- **Excerpted data**
- Opening Delimiter -

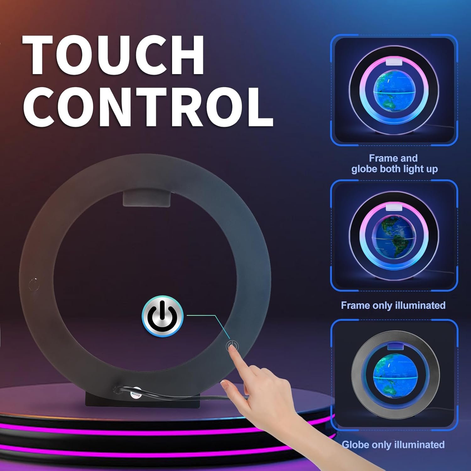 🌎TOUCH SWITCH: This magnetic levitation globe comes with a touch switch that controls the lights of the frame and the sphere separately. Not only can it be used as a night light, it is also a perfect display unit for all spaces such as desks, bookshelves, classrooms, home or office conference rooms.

- Closing Delimiter -
- Opening Delimiter -

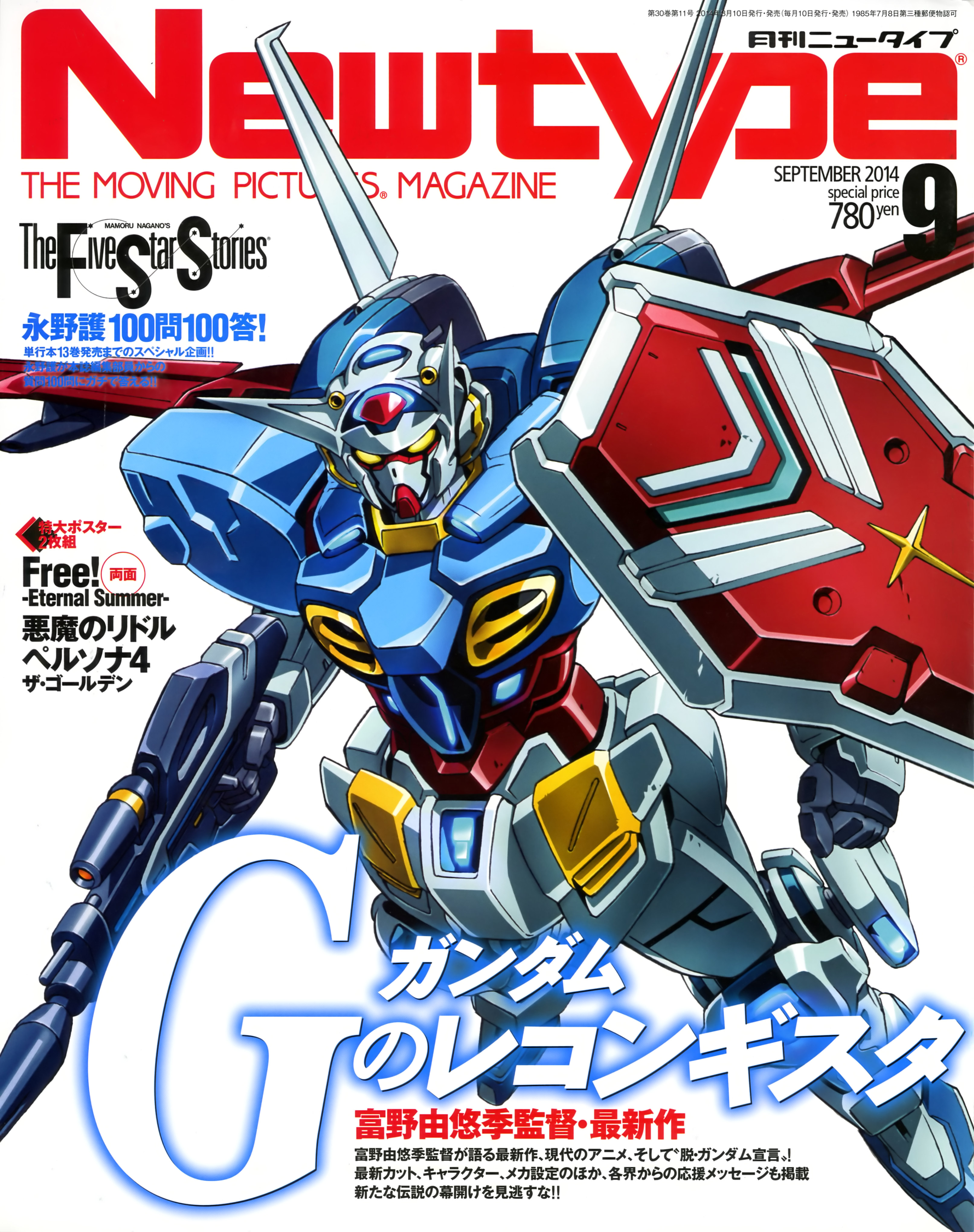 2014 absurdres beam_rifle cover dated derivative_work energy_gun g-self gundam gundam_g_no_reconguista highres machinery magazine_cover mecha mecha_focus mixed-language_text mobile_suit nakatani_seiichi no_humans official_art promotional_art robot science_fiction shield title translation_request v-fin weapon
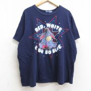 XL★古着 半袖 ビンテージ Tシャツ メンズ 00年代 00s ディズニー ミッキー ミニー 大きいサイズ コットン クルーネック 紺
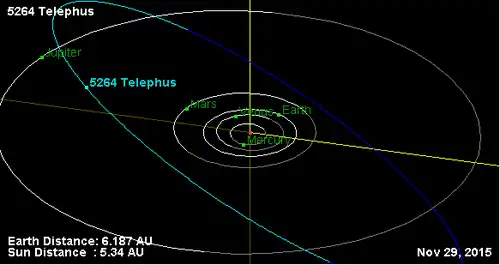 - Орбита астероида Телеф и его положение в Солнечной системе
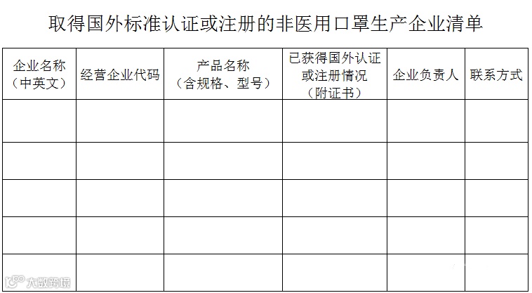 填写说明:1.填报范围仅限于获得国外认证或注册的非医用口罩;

- Closing Delimiter -

- **Problem**
Give again the lines of the listing above that run from the one with "XL★古着 半袖 ビンテージ" up to and including the one with "填写说明:1.填报范围仅限于获得国外认证或注册的非医用口罩;". Keep them exact and omit the pictures.

- **Answer box**
 XL★古着 半袖 ビンテージ Tシャツ メンズ 00年代 00s ディズニー ミッキー ミニー 大きいサイズ コットン クルーネック 紺
 - Орбита астероида Телеф и его положение в Солнечной системе
 填写说明:1.填报范围仅限于获得国外认证或注册的非医用口罩;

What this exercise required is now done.